* [HOW TO COMPLETE THIS TASK]: The task calls for each record to be given again unchanged, minus any pictures.

(Dataset records)
>>
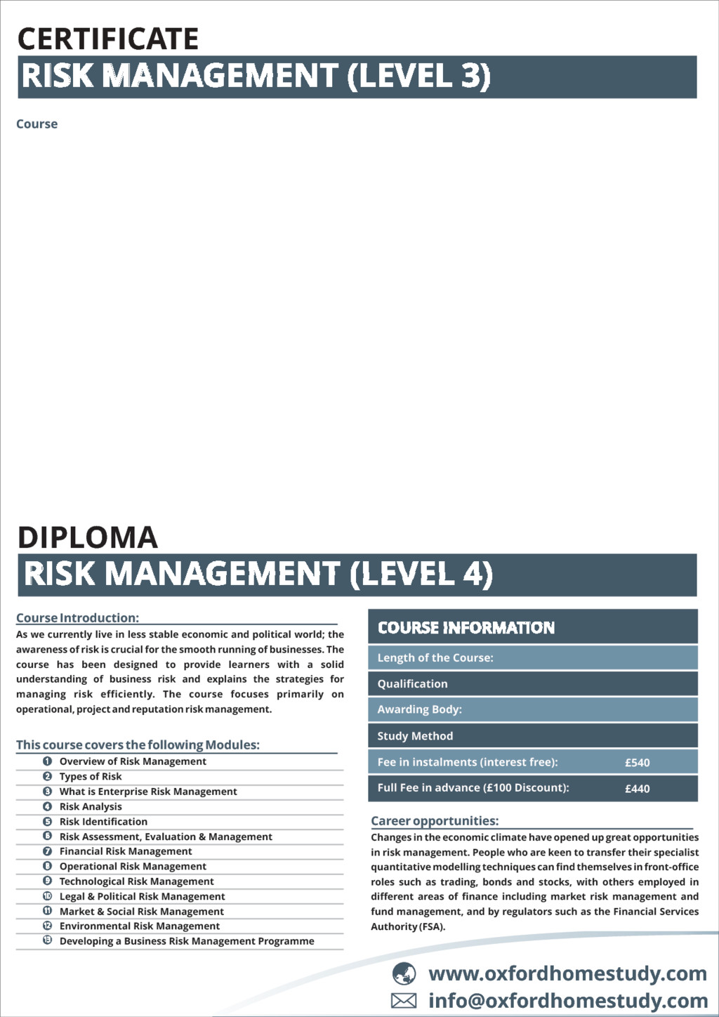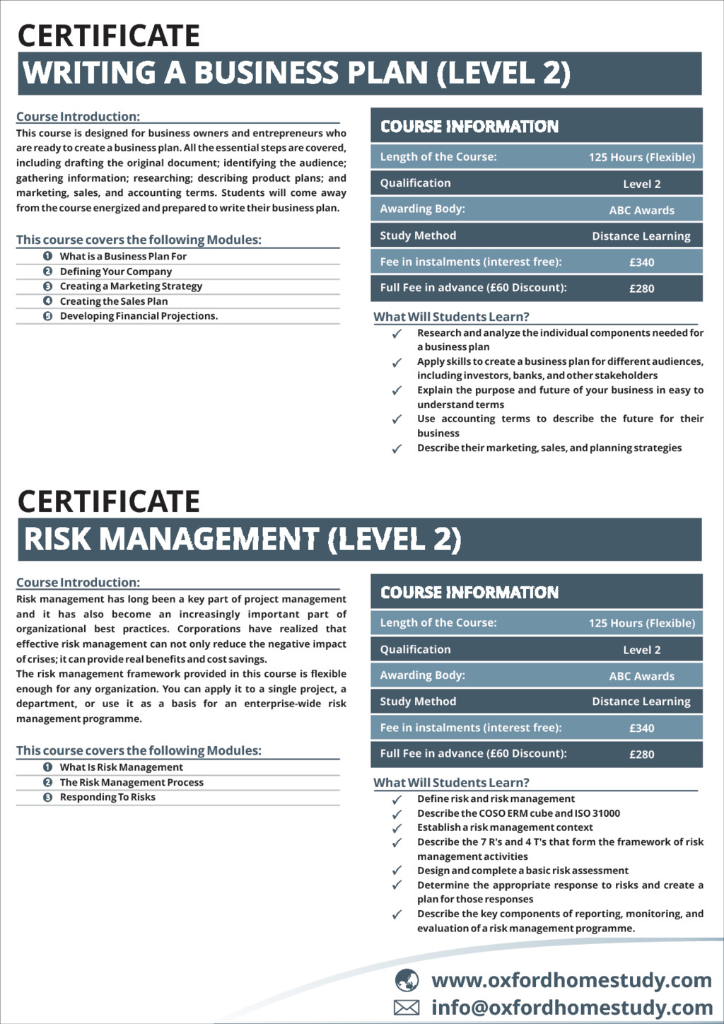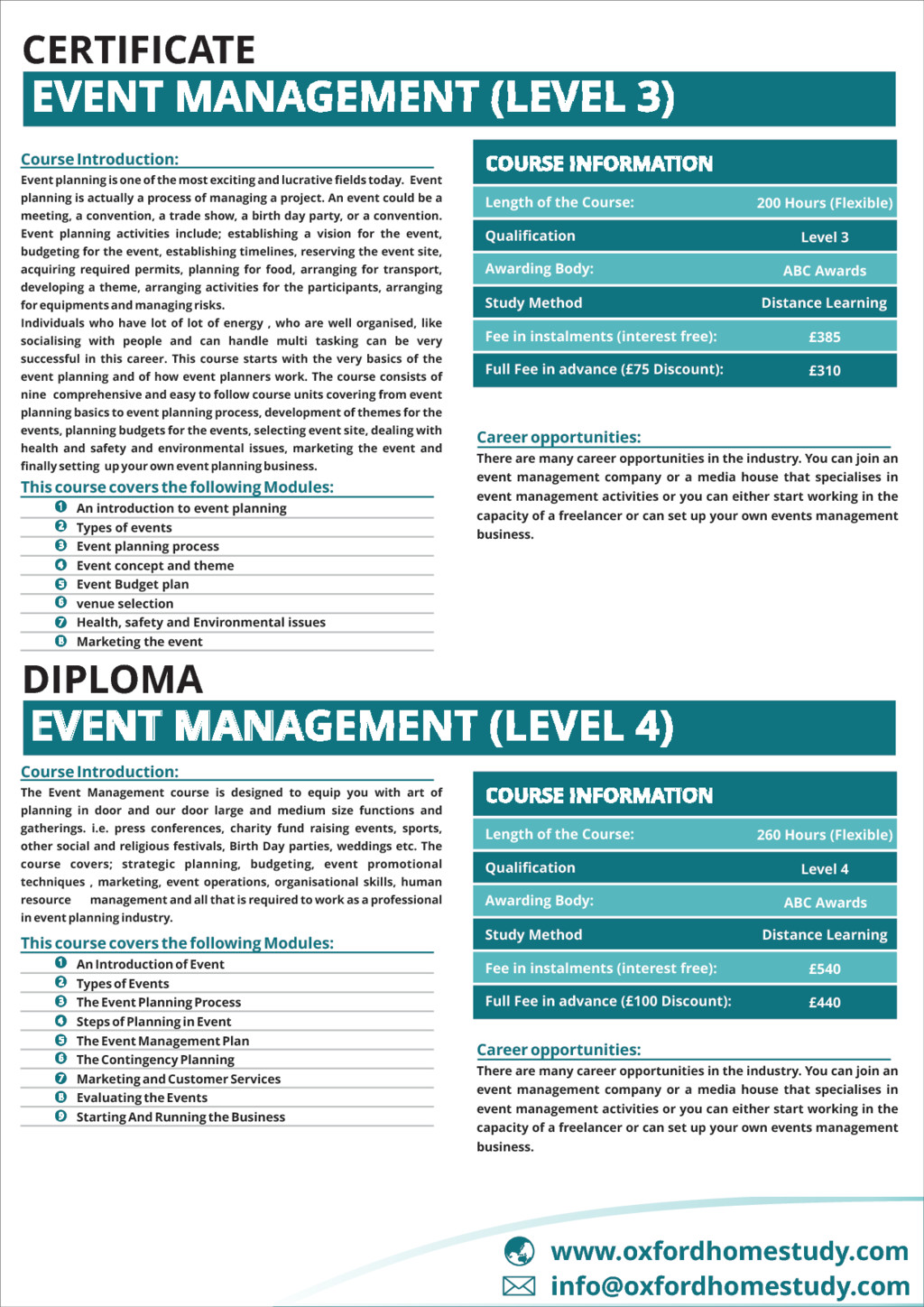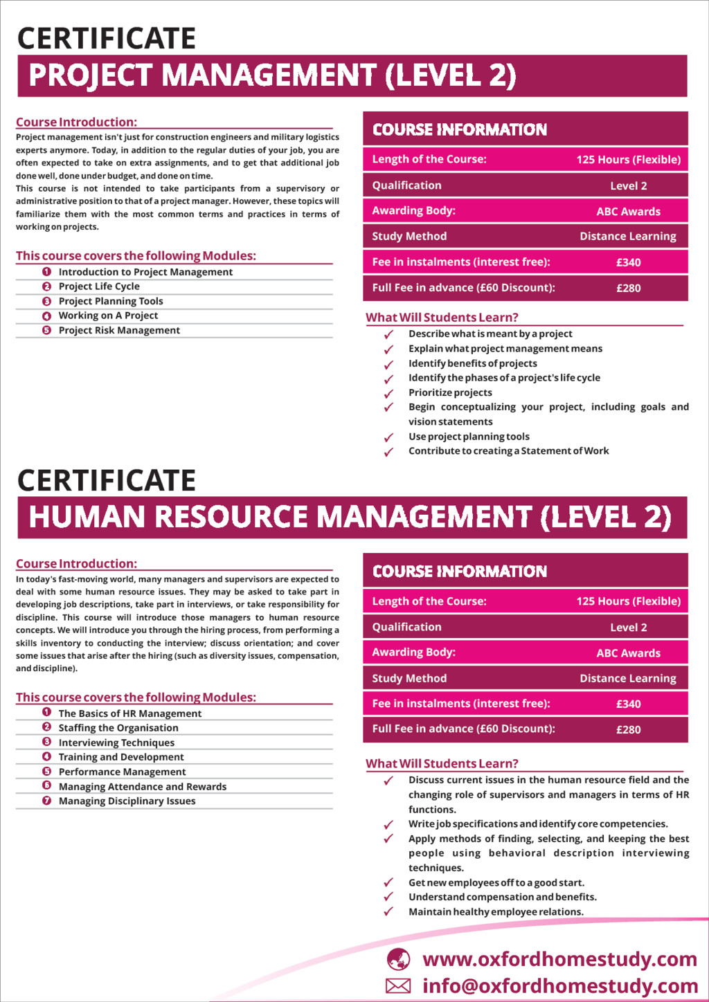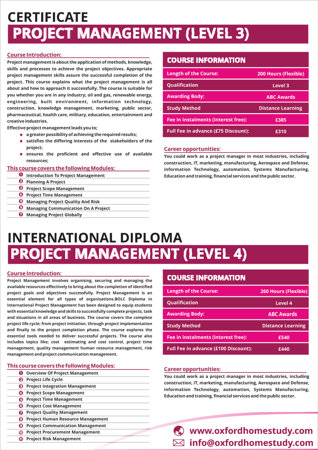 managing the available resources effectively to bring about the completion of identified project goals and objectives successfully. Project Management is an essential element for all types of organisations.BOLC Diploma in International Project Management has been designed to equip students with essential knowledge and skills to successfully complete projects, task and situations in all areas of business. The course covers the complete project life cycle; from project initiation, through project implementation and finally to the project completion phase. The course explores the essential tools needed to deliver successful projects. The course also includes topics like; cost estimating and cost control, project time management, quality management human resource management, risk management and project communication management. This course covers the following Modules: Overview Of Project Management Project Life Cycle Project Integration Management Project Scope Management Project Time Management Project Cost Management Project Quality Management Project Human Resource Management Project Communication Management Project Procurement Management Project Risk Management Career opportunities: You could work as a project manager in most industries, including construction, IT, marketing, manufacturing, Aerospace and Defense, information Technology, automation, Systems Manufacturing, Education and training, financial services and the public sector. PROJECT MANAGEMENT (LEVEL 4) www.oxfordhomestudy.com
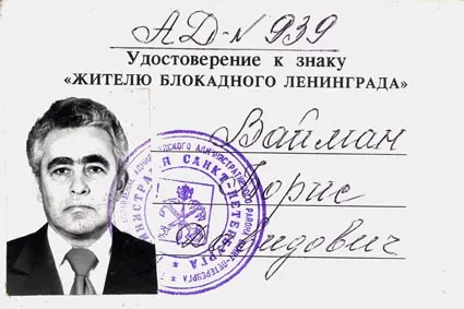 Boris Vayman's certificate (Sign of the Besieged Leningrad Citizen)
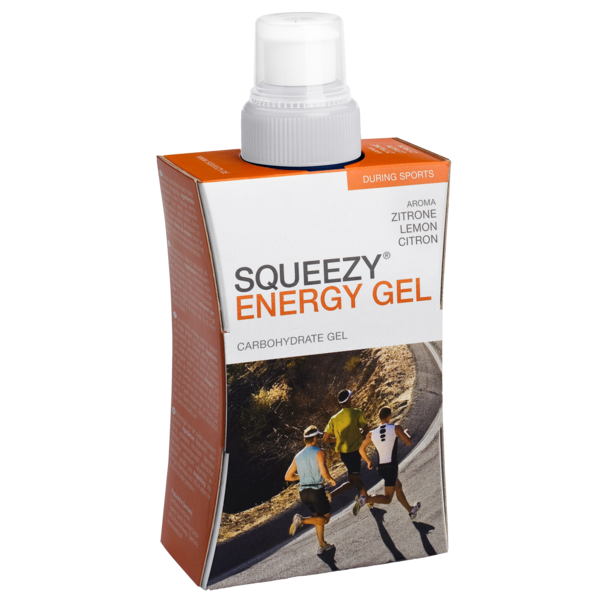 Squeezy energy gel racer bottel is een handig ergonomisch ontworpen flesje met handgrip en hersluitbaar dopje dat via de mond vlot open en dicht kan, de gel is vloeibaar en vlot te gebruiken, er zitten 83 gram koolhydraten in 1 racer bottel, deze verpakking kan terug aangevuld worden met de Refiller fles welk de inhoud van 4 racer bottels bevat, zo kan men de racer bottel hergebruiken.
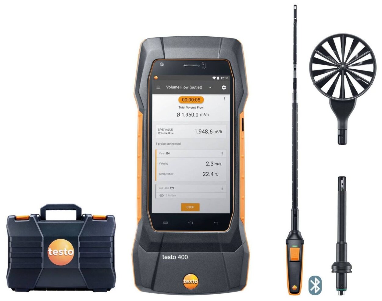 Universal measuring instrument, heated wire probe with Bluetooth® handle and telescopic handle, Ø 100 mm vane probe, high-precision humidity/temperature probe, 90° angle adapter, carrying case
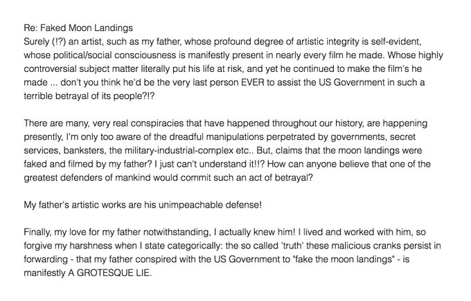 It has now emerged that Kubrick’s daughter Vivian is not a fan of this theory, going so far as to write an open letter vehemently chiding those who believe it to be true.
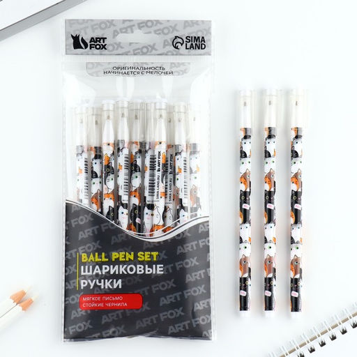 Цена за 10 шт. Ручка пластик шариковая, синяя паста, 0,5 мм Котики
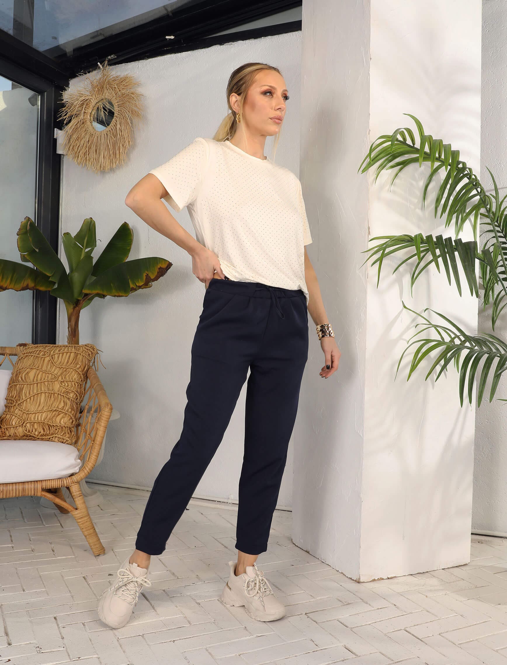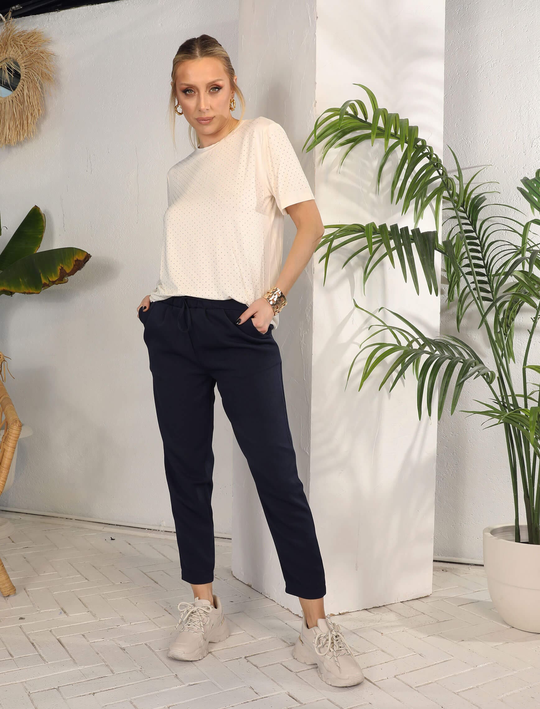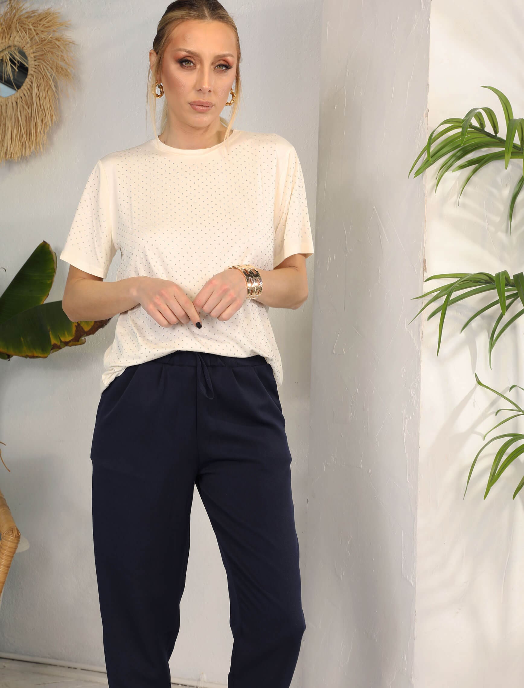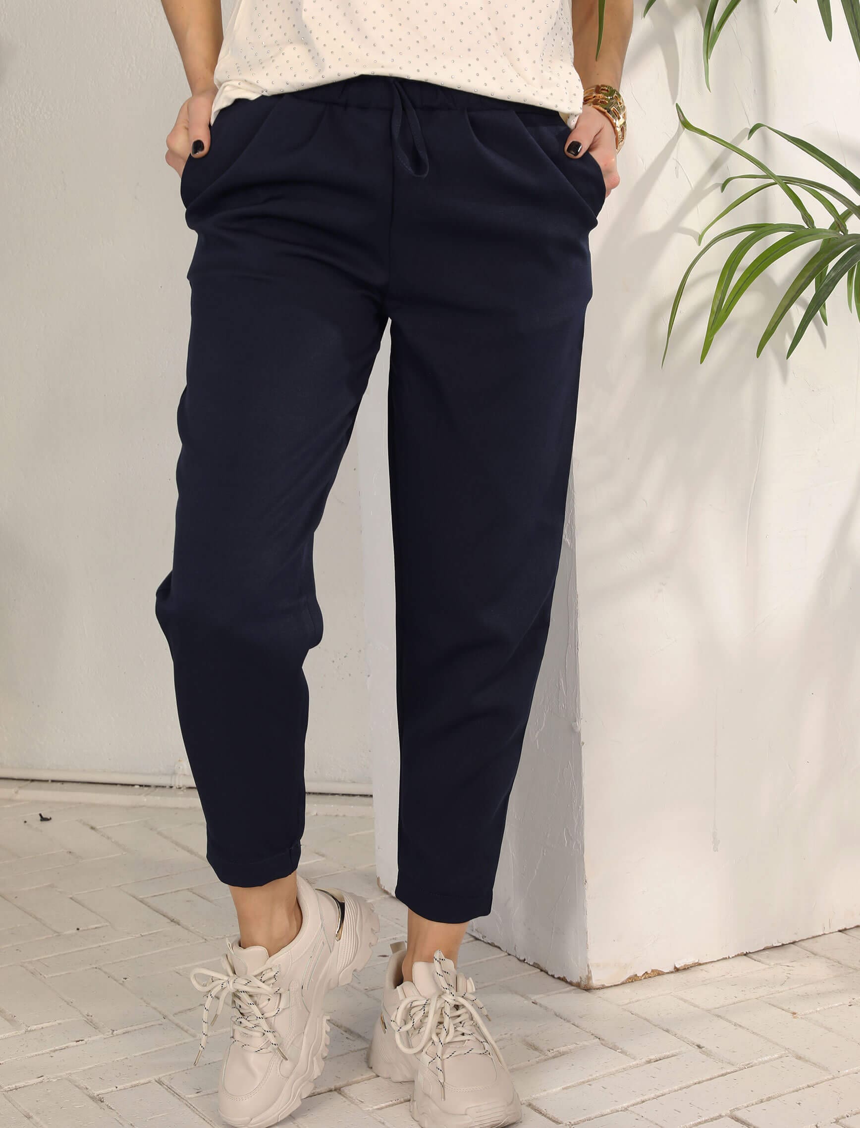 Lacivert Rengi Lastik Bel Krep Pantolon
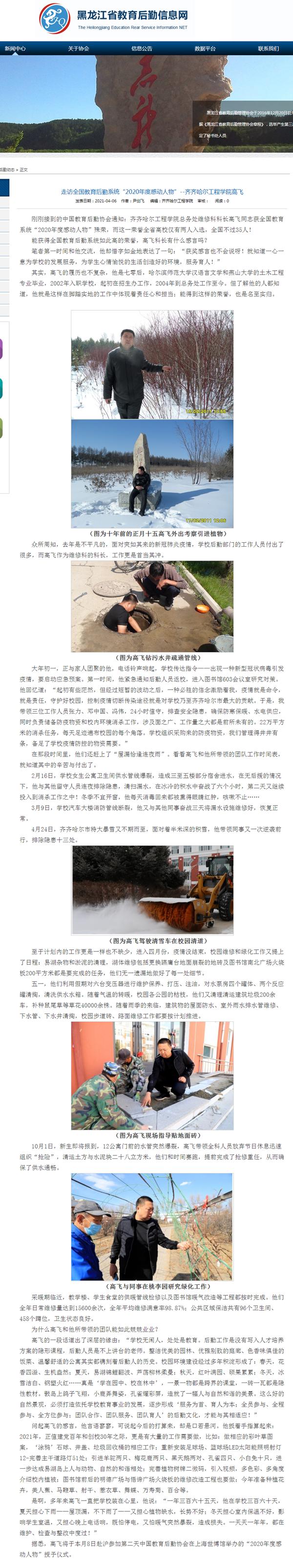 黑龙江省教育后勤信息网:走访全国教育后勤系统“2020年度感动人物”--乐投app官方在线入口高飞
<<
* [TASK RESPONSE]:
 managing the available resources effectively to bring about the completion of identified project goals and objectives successfully. Project Management is an essential element for all types of organisations.BOLC Diploma in International Project Management has been designed to equip students with essential knowledge and skills to successfully complete projects, task and situations in all areas of business. The course covers the complete project life cycle; from project initiation, through project implementation and finally to the project completion phase. The course explores the essential tools needed to deliver successful projects. The course also includes topics like; cost estimating and cost control, project time management, quality management human resource management, risk management and project communication management. This course covers the following Modules: Overview Of Project Management Project Life Cycle Project Integration Management Project Scope Management Project Time Management Project Cost Management Project Quality Management Project Human Resource Management Project Communication Management Project Procurement Management Project Risk Management Career opportunities: You could work as a project manager in most industries, including construction, IT, marketing, manufacturing, Aerospace and Defense, information Technology, automation, Systems Manufacturing, Education and training, financial services and the public sector. PROJECT MANAGEMENT (LEVEL 4) www.oxfordhomestudy.com
 Boris Vayman's certificate (Sign of the Besieged Leningrad Citizen)
 Squeezy energy gel racer bottel is een handig ergonomisch ontworpen flesje met handgrip en hersluitbaar dopje dat via de mond vlot open en dicht kan, de gel is vloeibaar en vlot te gebruiken, er zitten 83 gram koolhydraten in 1 racer bottel, deze verpakking kan terug aangevuld worden met de Refiller fles welk de inhoud van 4 racer bottels bevat, zo kan men de racer bottel hergebruiken.
 Universal measuring instrument, heated wire probe with Bluetooth® handle and telescopic handle, Ø 100 mm vane probe, high-precision humidity/temperature probe, 90° angle adapter, carrying case
 It has now emerged that Kubrick’s daughter Vivian is not a fan of this theory, going so far as to write an open letter vehemently chiding those who believe it to be true.
 Цена за 10 шт. Ручка пластик шариковая, синяя паста, 0,5 мм Котики
 Lacivert Rengi Lastik Bel Krep Pantolon
 黑龙江省教育后勤信息网:走访全国教育后勤系统“2020年度感动人物”--乐投app官方在线入口高飞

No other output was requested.